# Hite Rite



## Octane (Mar 16, 2004)

So I was digging through the garage, when I found this. IIRC, this is the precursor to the dropper seat post. 

What's the story behind these? Were they popular? When were they sold? Any value to them?

-B


----------



## Rumpfy (Dec 21, 2003)

Period correct for 80's bikes. A lot were made and they don't tend to have all that much value unless complete and in good shape. eBay search will give you value. Mostly on period correct bikes, but definitely something that'll work as well as any gravity dropper post.

BikePro.com / Buyer's Guide / Hite Rite Seatpost - Bicycle Parts at discount prices / the Buyer's Guide / Bicycle Parts at their finest! / Professional Bicycle Source / Bike Pro


----------



## tductape (Mar 31, 2008)




----------



## Hurricane Jeff (Jan 1, 2006)

I tried to bring back the Hite Rite in 2000-2001, talked to Joe Breeze, he was all in, but apparently Angell was not.
I designed a clamp that would attach to any frame( the Hite Rite was designed around a brazed on clamp, where if you used a current seat collar, it would rotate) that would not rotate and would either have a handlebar remote or the standard QR. Joe came back that if I wanted to buy some HR's, for my idea, I would have to buy the whole lot, I think at that time he had 5000 of them at $10 ea., so it didn't happen. I went back to the drawing board and designed the first remotely controlled height adjustable seatpost in 2001, which are the current rage right now, although I don't get the credit, Gravity Dropper was the first to market, after seeing my prototype at Sea Otter, I know, as well as Zap from Road Bike Action( Mountain Bike editor at the time) as well as several others will or should acknowledge, but, I'm not bitter, just working on the better mousetrap, as far as height adjustable seatpost's are concerned.

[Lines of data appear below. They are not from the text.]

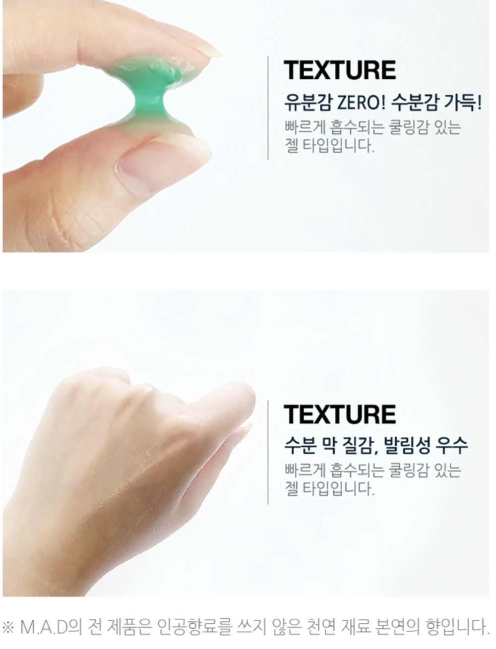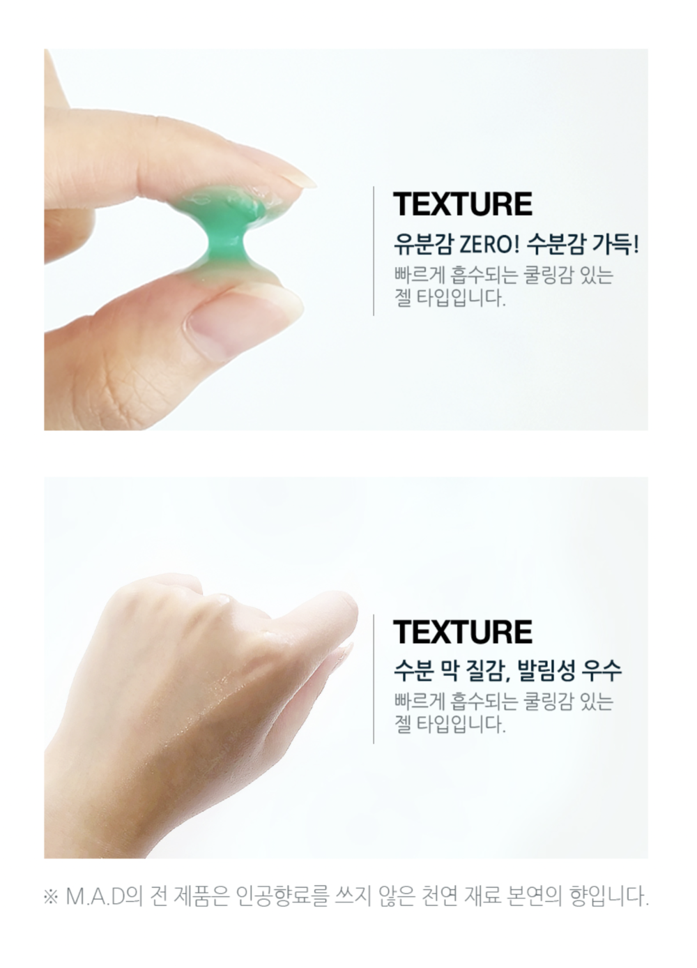빠르게 흡수되어 피부에 쿨링감을 주는 젤타입 !!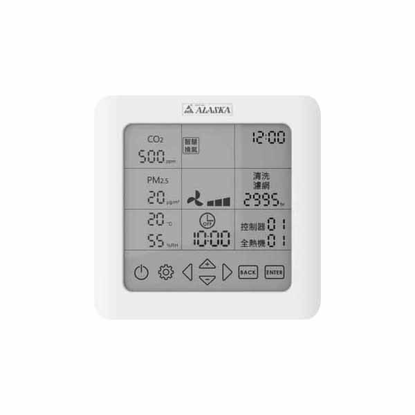 1.觸控式控制器,可APP智慧預約、遠端操控,偵測CO2濃度、PM2.5濃度、環境溫度、環境濕度。依照設定條件,自動控制換氣設備進行多種換氣模式。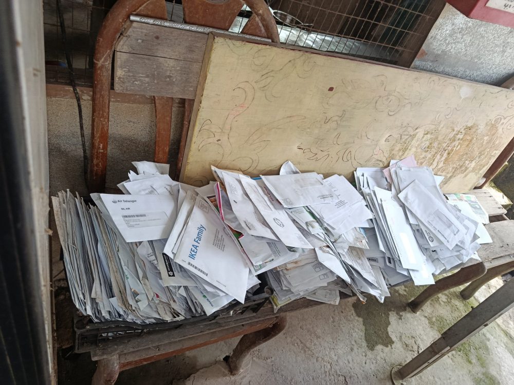 疑因甘榜地址不够完整,导致信件难以逐一送到家门,最后只好集中堆放在指定地点,等待收件人自行领取。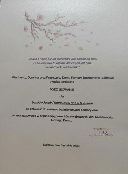 Społeczność Szkoły Podstawowej nr 2 w Bolszewie, w tym roku, włączyła się do akcji zbierania darów i prezentów świątecznych dla Mieszkańców Domu Pomocy Społecznej w Lubkowie. Dzięki wrażliwym sercom Rodziców, Uczniów i Pracowników naszej szkoły udało się zebrać kilka kartonów darów.

Sorry to rob this post to state my case....


----------



## syklystt (Mar 31, 2010)

Hurricane Jeff said:


> I tried to bring back the Hite Rite in 2000-2001, talked to Joe Breeze, he was all in, but apparently Angell was not.
> I designed a clamp that would attach to any frame( the Hite Rite was designed around a brazed on clamp, where if you used a current seat collar, it would rotate) that would not rotate and would either have a handlebar remote or the standard QR. Joe came back that if I wanted to buy some HR's, for my idea, I would have to buy the whole lot, I think at that time he had 5000 of them at $10 ea., so it didn't happen. I went back to the drawing board and designed the first remotely controlled height adjustable seatpost in 2001, which are the current rage right now, although I don't get the credit, Gravity Dropper was the first to market, after seeing my prototype at Sea Otter, I know, as well as Zap from Road Bike Action( Mountain Bike editor at the time) as well as several others will or should acknowledge, but, I'm not bitter, just working on the better mousetrap, as far as height adjustable seatpost's are concerned.
> 
> Sorry to rob this post to state my case....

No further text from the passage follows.